Sorry but I liked how my story was written before. It doesn't seem as funny if you can't let the reader use a bit of their imagination to picture what's going on.


"HI SQUIRRLES! I'm GIR! Master says I need to report on my fight with that orange guy. SO HERE I GO! Everybody was real serious talking so I decided to go make waffles and then…"

Zim turned from his computer to the robot, "No GIR. After the planning meeting. When you fought the Special Task Force soldier at the gate."

"Oh yeaah… So anyway I made a whole bunch of the waffles cause that's the best way to make people smile! I saw it on the TV!"

Zim sighed "… Please Gir… We've been here for an hour… Just give your report…. "

Gir just stared at him with his usual stupid look on his face.

"Ok how about this I'll start it for you. We were on Irk and you were in the backpack. I opened it and told you to go deal with the STF Irken…"

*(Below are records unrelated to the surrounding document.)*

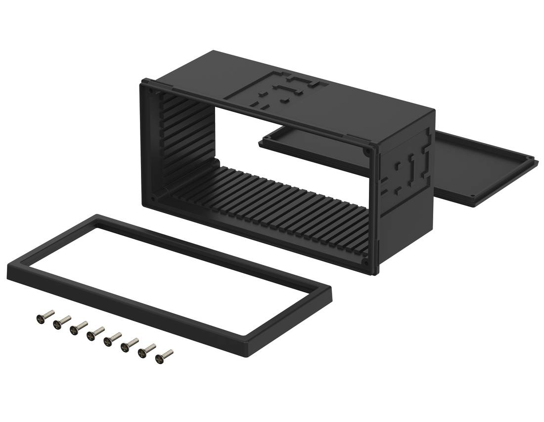 Obudowa tablicowa wykonana z tworzywa sztucznego wzmocnionego włóknem szklanym. Montaż płytek PCB w pionie lub poziomie obudowy. Liczne dodatkowe akcesoria zamawiane osobno jak zatrzaski montażowe ( NGS…NK, NGS…NF lub NGS…NH), płyty czołowe aluminiowe ( NGS…FAE) lub plastikowe ( NGS…FKT), uszczelki wewnętrzne ( NGS…DI) lub zewnętrzne ( NGS…DP), przezroczyste pokrywy ( NGS…GHN) lub pełne (NGS…F), ramki w opcjach wciskanych „snap-on” ( NGS-SA). W zestawie dostarczamy obudowę, standardową ramkę przednia, pokrywę tylną wraz z śrubkami mocującymi.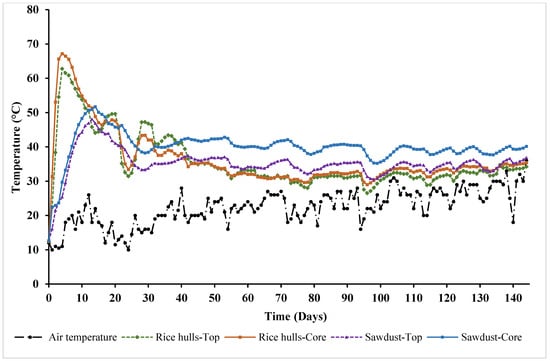 Temperature profiles of compost piles using rice hulls (RH) and sawdust (SD) as carbon materials are shown in Figure 6. For RH, temperatures at the core were higher than those at the top for the first 2 weeks. Core temperatures increased sharply and reached a peak of 67.2 °C on day 4. Similarly, the top temperature also rapidly increased and reached the highest point (62.8 °C) on day 4. Both temperatures exhibited a downward trend after day 4 but remained above 50 °C until day 12. Compared to RH, the temperature of SD was lower during the first 12 days. Figure 6 shows that temperatures of SD rose more slowly but also decreased more slowly compared to those of RH. The core temperature of SD reached a peak of 51.72 °C on day 14, while the highest temperature at the top position was 48.08 °C, observed on day 13. For the first 10 days, temperatures at the top and core of SD were quite similar. However, the temperature at the core remained noticeably higher than that at the top from day 11 to day 144. Regardless of the carbon material, temperatures of the compost piles were much higher than the air temperature throughout the experiment (Figure 6).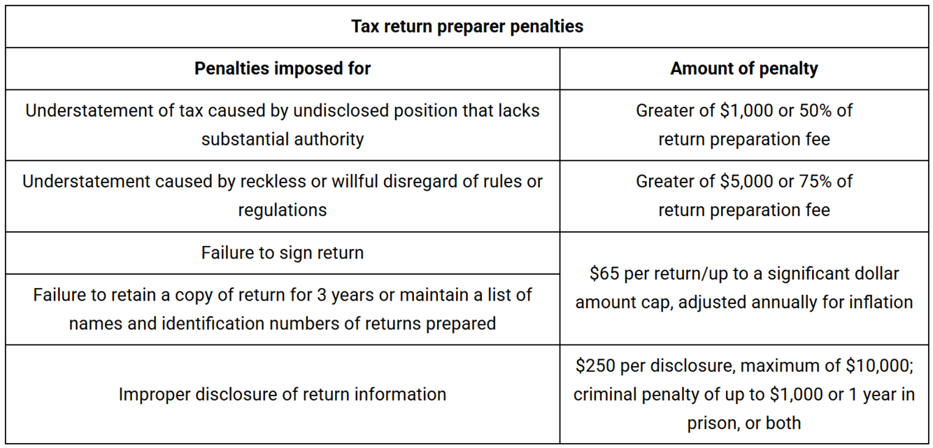 Tax return preparer penalties

"And then you told me to go play with the giant Tangerine!" Gir blurted out with his arms raised looking all excited.

"The what? What's a tangerine?"

"It's an earth fruit. Like a small Orange." Dib said from the spot on the floor where he was laying, staring up at the ceiling.

Zim gave him a bit of a questioning look but let it pass "…. Ok fine I told you to play with the tangerine… you ran off into the crowd then what?"

"Then I saw a Taco."

Zim raised an antenna, "a taco? Why was there a taco on Irk?

Gir just shrugged then excitedly screamed, "I chased it!"

"Chased the taco?"

Gir nodded.

Zim slammed his head onto computer panel. "Ok…Where did the taco go?"

Gir stood and looked around, "Uhhh… That way." He pointed up through the ceiling.

Dib chuckled when Zim slammed his face into the computer panel.

"No GIR…" Zim said sitting up again. "We're not on Irk. Which way did the taco go at the gate on Irk?"

Gir shrugged and ran in a small circle, loudly announcing, "I saw a shiny box. Master told me to make noise and Master is always noisy when he explodes!"

Lifting his head, Dib turned to face the silly robot and asked, "Always? Does this happen often?"

"Shut it Earth-stink… GIR what did you blow up?"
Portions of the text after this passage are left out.